##### Data extracts

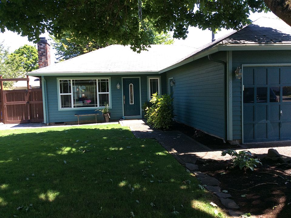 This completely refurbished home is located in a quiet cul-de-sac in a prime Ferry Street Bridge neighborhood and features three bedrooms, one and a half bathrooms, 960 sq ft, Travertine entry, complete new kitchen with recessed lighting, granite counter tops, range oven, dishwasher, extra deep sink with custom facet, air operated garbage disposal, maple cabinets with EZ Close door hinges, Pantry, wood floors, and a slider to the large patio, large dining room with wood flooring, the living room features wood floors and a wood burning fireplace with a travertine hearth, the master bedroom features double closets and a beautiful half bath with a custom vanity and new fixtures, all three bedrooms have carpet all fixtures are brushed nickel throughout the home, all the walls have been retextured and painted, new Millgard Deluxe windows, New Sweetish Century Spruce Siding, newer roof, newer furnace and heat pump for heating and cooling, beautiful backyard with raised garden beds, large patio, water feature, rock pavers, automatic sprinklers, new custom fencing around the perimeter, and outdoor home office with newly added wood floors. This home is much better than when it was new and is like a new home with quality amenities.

##########
##### Data extracts

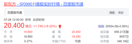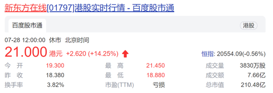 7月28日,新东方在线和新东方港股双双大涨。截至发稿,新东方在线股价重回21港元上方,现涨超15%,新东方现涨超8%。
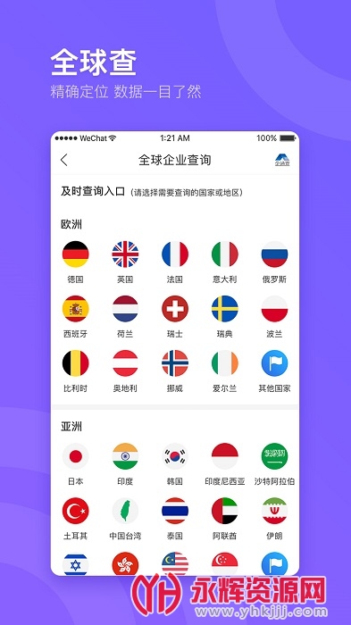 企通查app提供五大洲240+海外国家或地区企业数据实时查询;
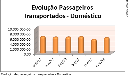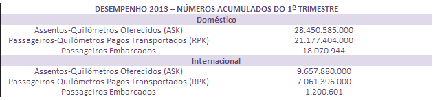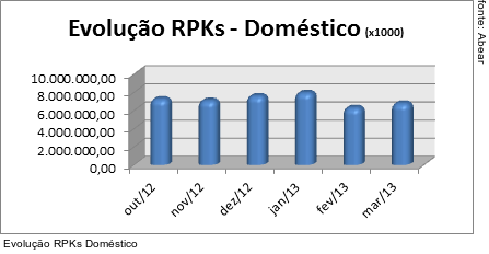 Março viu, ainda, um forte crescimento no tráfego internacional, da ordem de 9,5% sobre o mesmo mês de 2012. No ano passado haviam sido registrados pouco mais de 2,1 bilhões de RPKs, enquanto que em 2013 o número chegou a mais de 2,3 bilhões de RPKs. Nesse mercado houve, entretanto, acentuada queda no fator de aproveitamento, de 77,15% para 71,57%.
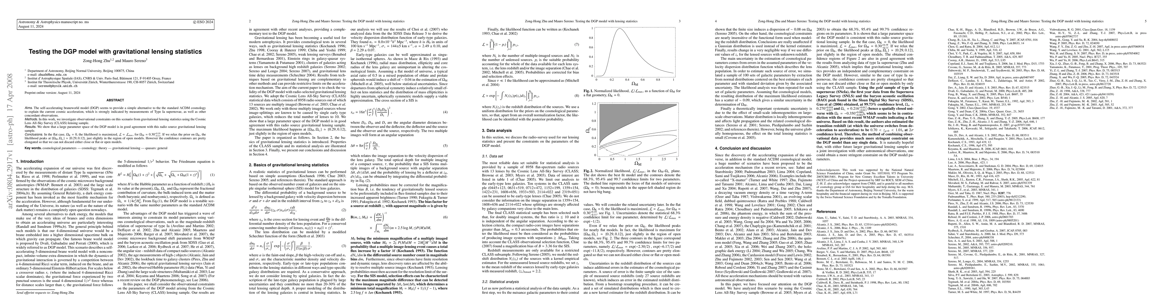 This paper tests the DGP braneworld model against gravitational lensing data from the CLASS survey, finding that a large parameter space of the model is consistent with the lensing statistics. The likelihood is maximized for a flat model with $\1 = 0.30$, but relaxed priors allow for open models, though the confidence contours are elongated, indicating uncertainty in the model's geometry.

##########
##### Data extracts

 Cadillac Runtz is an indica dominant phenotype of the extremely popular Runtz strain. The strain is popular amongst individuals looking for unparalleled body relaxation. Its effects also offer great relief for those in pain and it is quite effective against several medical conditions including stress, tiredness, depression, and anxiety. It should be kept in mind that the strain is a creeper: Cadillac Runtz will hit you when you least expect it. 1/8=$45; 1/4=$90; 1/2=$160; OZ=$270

##########

### Exercise requirements:
Once the line with "企通查app提供五大洲240+海外国家或地区企业数据实时查询;" is found above, print it and every line after it through the line with "This paper tests", exactly. Pictures stay out.

### Problem solution:
 企通查app提供五大洲240+海外国家或地区企业数据实时查询;
 Março viu, ainda, um forte crescimento no tráfego internacional, da ordem de 9,5% sobre o mesmo mês de 2012. No ano passado haviam sido registrados pouco mais de 2,1 bilhões de RPKs, enquanto que em 2013 o número chegou a mais de 2,3 bilhões de RPKs. Nesse mercado houve, entretanto, acentuada queda no fator de aproveitamento, de 77,15% para 71,57%.
 This paper tests the DGP braneworld model against gravitational lensing data from the CLASS survey, finding that a large parameter space of the model is consistent with the lensing statistics. The likelihood is maximized for a flat model with $\1 = 0.30$, but relaxed priors allow for open models, though the confidence contours are elongated, indicating uncertainty in the model's geometry.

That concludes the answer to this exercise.